Вообще, в сборнике много неудач. Обидно, что как редактор Вы пропустили удивительные несуразности в первой (анонимной) статье [(Аноним) Письмо о русской поэзии. Поэтика Бродского. Сборник статей под редакцией Л. В. Лосева. Эрмитаж, 1986, стр. 16-37]. Возьмем, например, математику: дважды два в степени пять равно 64, а не 1/16 (в источнике перепутаны знаки, что Вам уж можно было бы заметить и исправить); хуже, что автор получает вероятность 1/16 там, где она фактически равна 1/486, причем ошибается и как математик (должен был, исходя из его посылок, получить 1/32, а не 1/16), и как филолог (не замечает, что предложный падеж тоже может дать здесь рифму к дательному и творительному); еще хуже, что вероятность в 1/16 он считает малой, хотя здесь и вероятность 1/486 не достаточно мала: речь ведь идет о стихотворном (самом организованном) тексте, да еще большого поэта! — какие уж тут случайности? Вся эта арифметика нацелена в пустоту, на доказательство очевидного. Но самое отвратительное — упоминание теоремы Гёделя для подтверждения расхожей банальности. Эта теорема — одно из величайших достижений мысли за всю историю человечества, она определила лицо современности (кризис рационализма) в большей мере, чем теория относительности. С такими результатами нельзя фамильярничать. Уж если тот факт, что статья получена из СССР, помешал Вам отклонить это жалкое наукообразие, то следовало хотя бы дать к ней необходимые примечания.
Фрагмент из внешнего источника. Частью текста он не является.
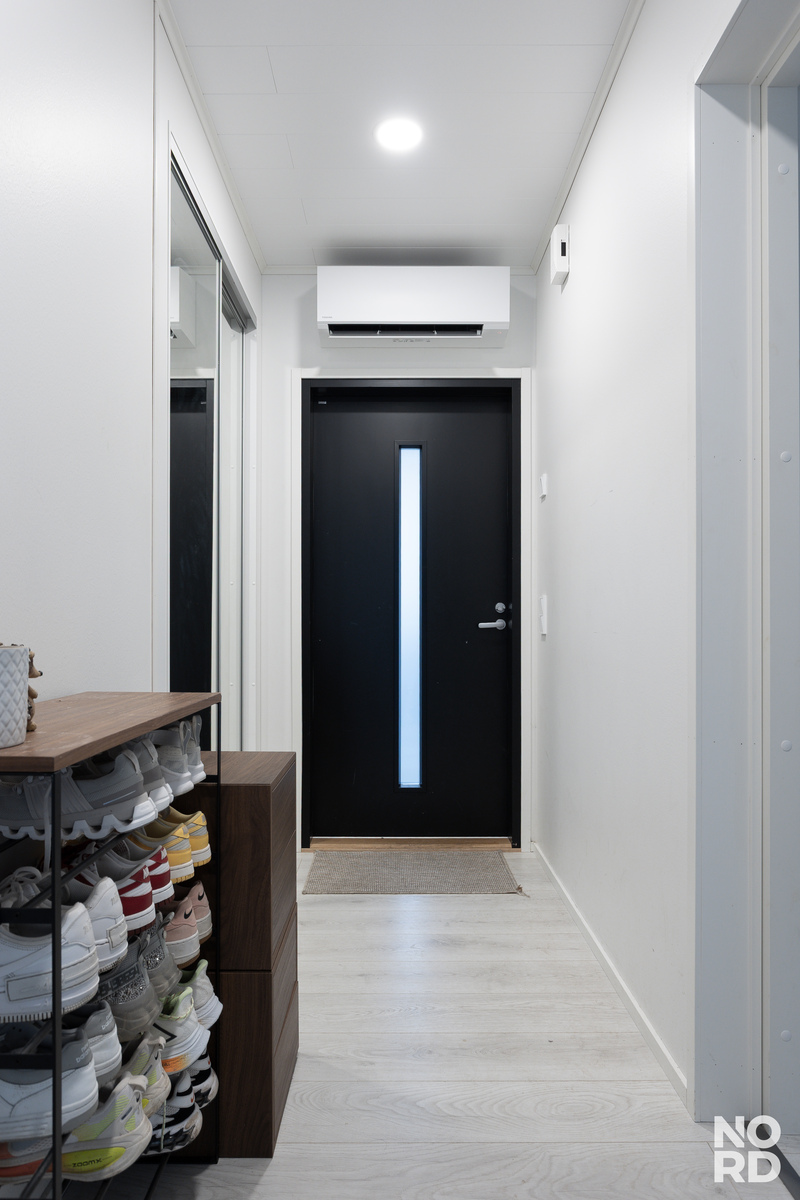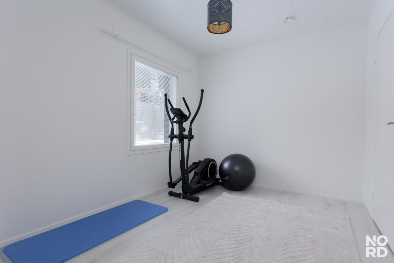 Pohjaratkaisu on toimiva ja neliöt käytetty tehokkaasti. Keittiö ja olohuone muodostavat yhtenäisen valoisan tilan. Olohuoneesta uloskäynti aidatulle takapihalle sekä käyttöullakko, jossa runsaasti lisää säilytystilaa tai mahdollisuus harrastetilaan.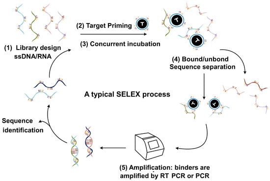 SELEX technology [19], also known as the Systematic Evolution of Ligands by Exponential Enrichment, is a powerful and flexible method for in vitro screening of high-affinity nucleic acid aptamers (Figure 2). The basic principle involves screening oligonucleotide sequences that can bind highly specifically to target molecules. This process is carried out through multiple rounds of in vitro evolutionary cycles from the initial oligonucleotide library. The key steps of this process include the initial oligonucleotide library, binding selection, elution, amplification with the target molecule, and multiple cycles. The initial oligonucleotide library contains a large number of random sequences, which selectively retain the nucleotide sequences bound to the target molecule through reactions. The subsequent elution and PCR amplification steps help increase binding affinity and create more favorable conditions for the next round of selection. This multi-cycle process gradually enriches the specificity and affinity of nucleic acid aptamers, ultimately obtaining nucleic acid aptamers with highly specific binding ability.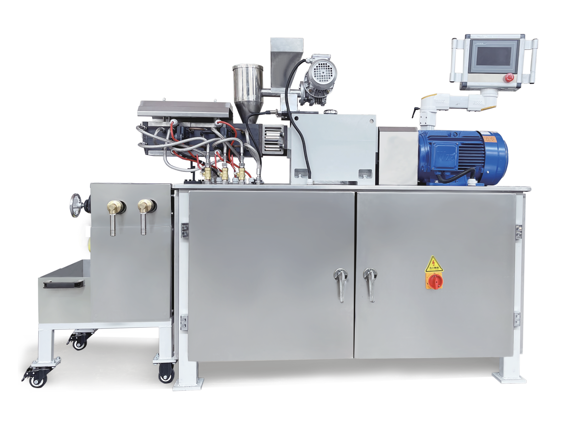 實驗室雙螺桿擠出機SLJ系列實驗室雙螺桿擠出機設計新穎,結(jié)構(gòu)緊湊合理,集擠出、壓片于一體,其混煉效果可與大機相媲美,是研制粉末涂料生產(chǎn)工藝、品種開發(fā)、校色的理想設備。原料在高速旋轉(zhuǎn)精密嚙合塊的作用下,進行充分的分散和分布混合。實驗室雙螺桿擠出機是粉末涂料生產(chǎn)的關(guān)鍵設備。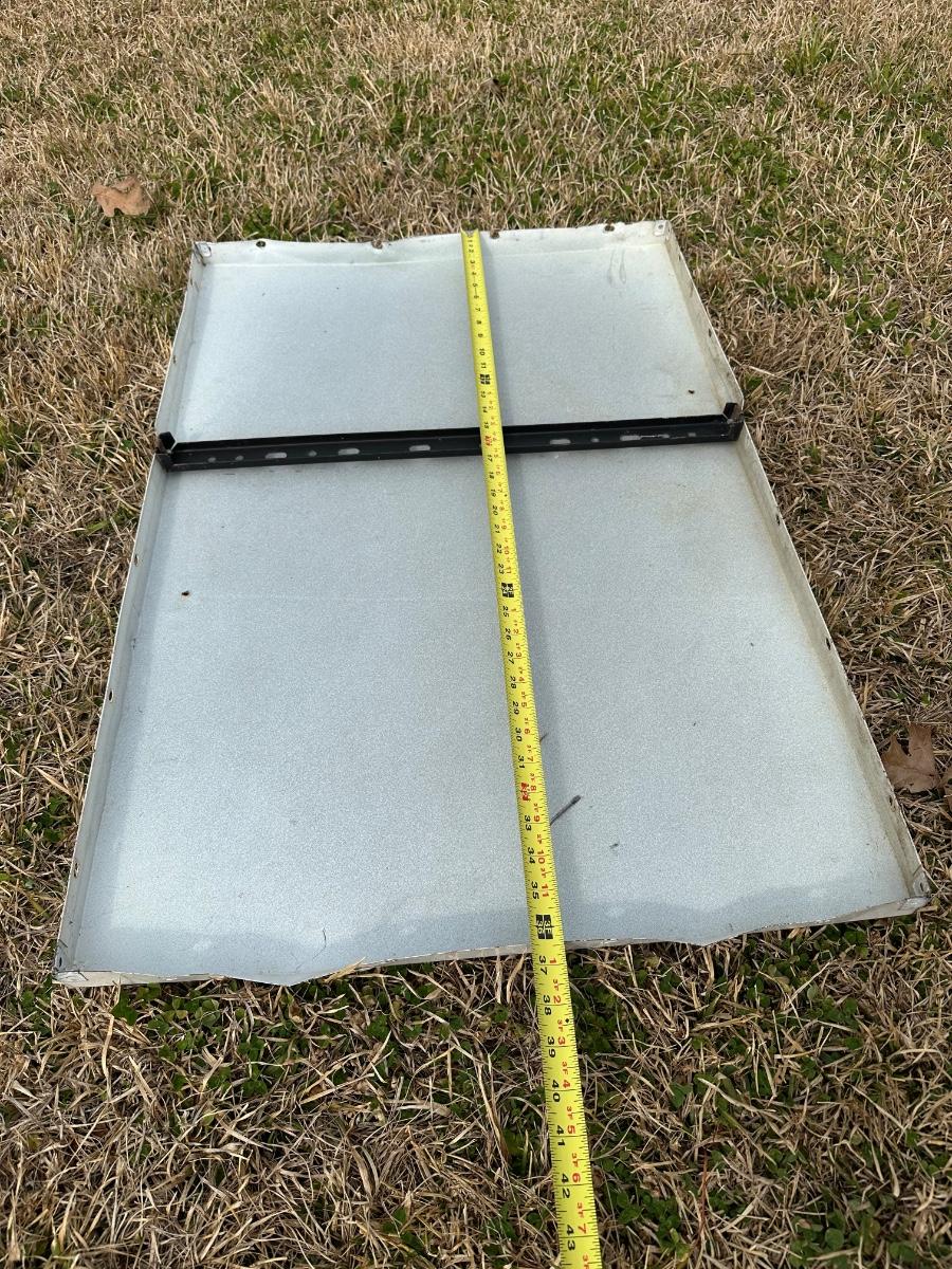This is a large metal sign measuring approximately 36” x 24” (see tape photos). Heavy gauge metal construction with factory folded edges and rear mounting bracket intact.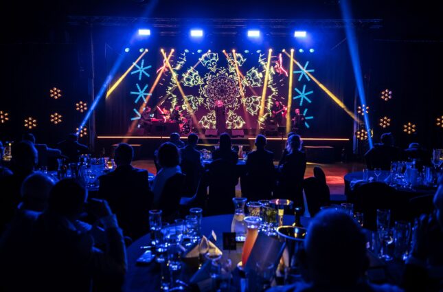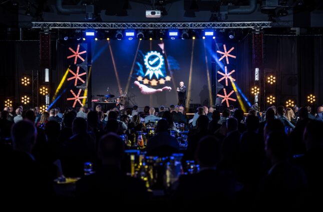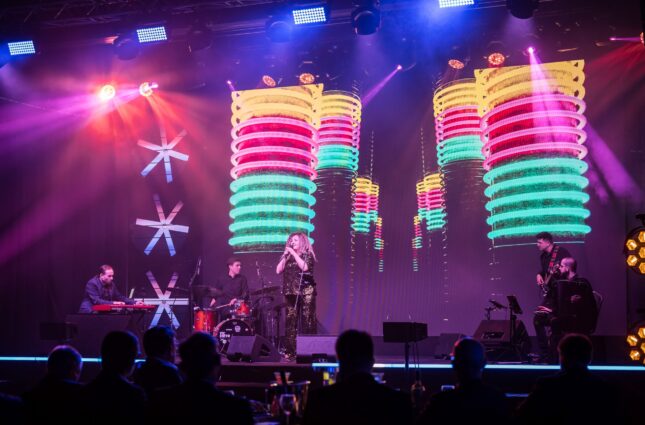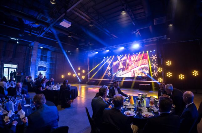 Oświetlona scena w Cukrowni Żnin przygotowana na jubileusz SAMES
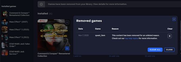 We are seeing RECOVERY of the temporary problem which started on May 22nd at 8 am UTC, which was unintentionally impacting some users, causing them to see the message *"Games have been removed from your library" or *"You don't have access" error on the EA app more frequently than expected.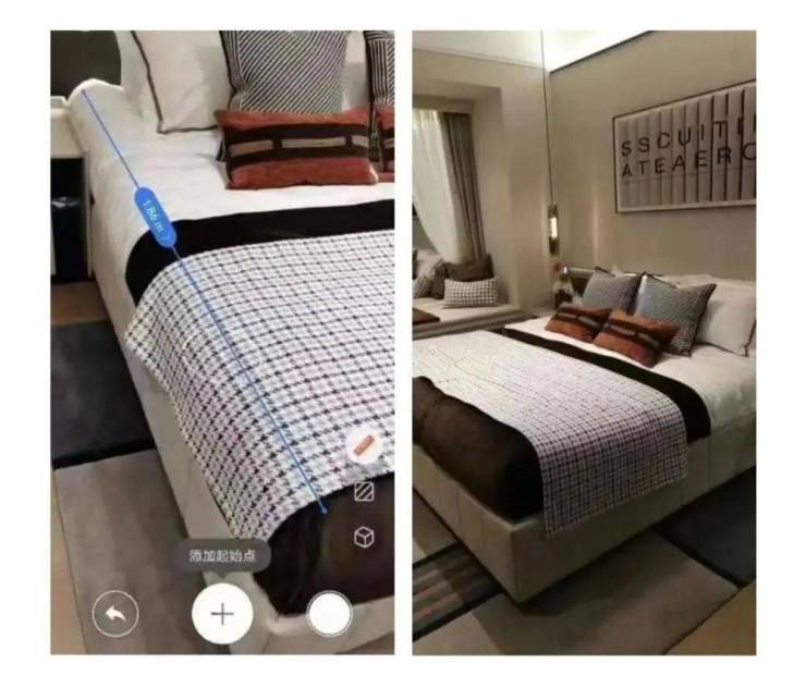 次卧的床上同样放着一张提示牌,写着,“此床架尺寸为:长约1.82米,宽约1.32米,敬请留意。”该长度与记者手机测量软件测量长度也基本一致。不过,记者留意到,样板房里除了基本的床、沙发、餐桌等必备家具,全屋没有摆放衣橱,也没有其他储物柜。
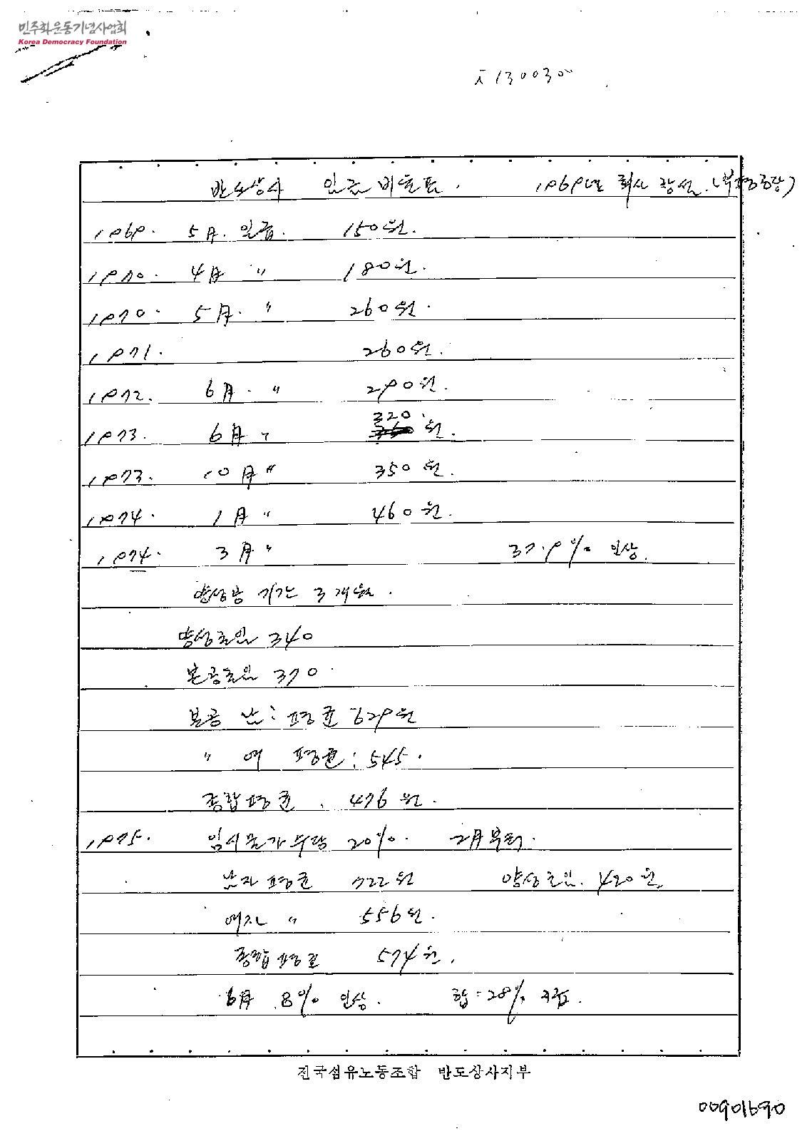 - 1969년 반도상사 창설 때부터 1978년까지 반도상사 임금 비율 내용이 자필로 메모되어 있다.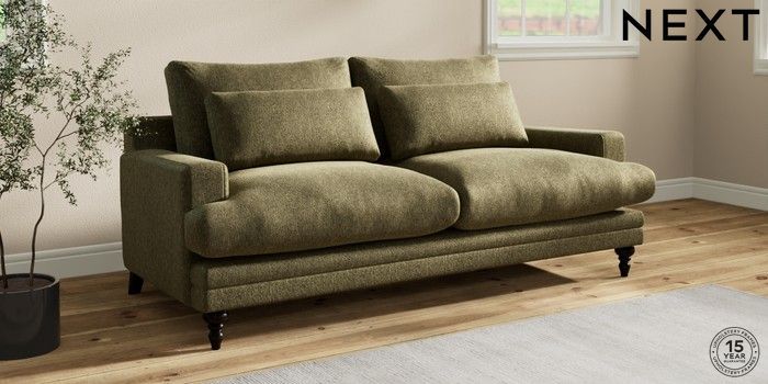 7.0.3 Buy Hutton Deep Relaxed Sit 3 Seater Sofa Cotswold Chenille Dark Green Country Turned - Dark from the Next UK online shop Click here to use our accessible website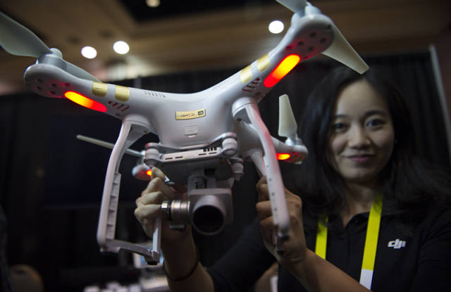 2016年1月4日,在美国拉斯韦加斯消费电子展的媒体预展上,工作人员展示大疆科技创新公司发布的新款无人机。(新华社记者杨磊摄)

И последнее. Летом минувшего года, еще до того, как приняться за Бродского, я закончил вчерне мою давнюю, 1985 года, статью о Вашей первой книге стихов [сохранился только незаконченный вариант]. Вероятно, у Вас уже вышла следующая, но это ничего не меняет. Теперь я надеюсь выкроить время для переписки текста и его отправки в редакцию. Из самого этого намерения Вы увидите, что мое отношение к Вам не стало хуже после нашего обмена мнениями о Бродском. Но, зная меня немножко по письмам, Вы понимаете, конечно, что даже и в том случае, если бы наши товарищеские отношения сменились враждебностью, это ни на йоту не затронуло бы моего отношения к Вашим стихам. Мои негативные замечания по поводу последних, отнесенные, как это принято, во вторую часть рецензии, не должны задеть Вас: они находятся в той же системе отсчета, что и моя критика на Бродского.

Примите мои наилучшие пожелания в наступающем [уже наступившем 1988] году.

Ю. К.

[Ответа не последовало]


1985-1988,
Hanover, New Hampshire // Иерусалим
; помещено в сеть 13 января 2005

журнал НОВЫЙ БЕРЕГ (Дания) № 30, 2010.

журнал ВРЕМЯ И МЕСТО (Нью-Йорк), № 1(17), 2011.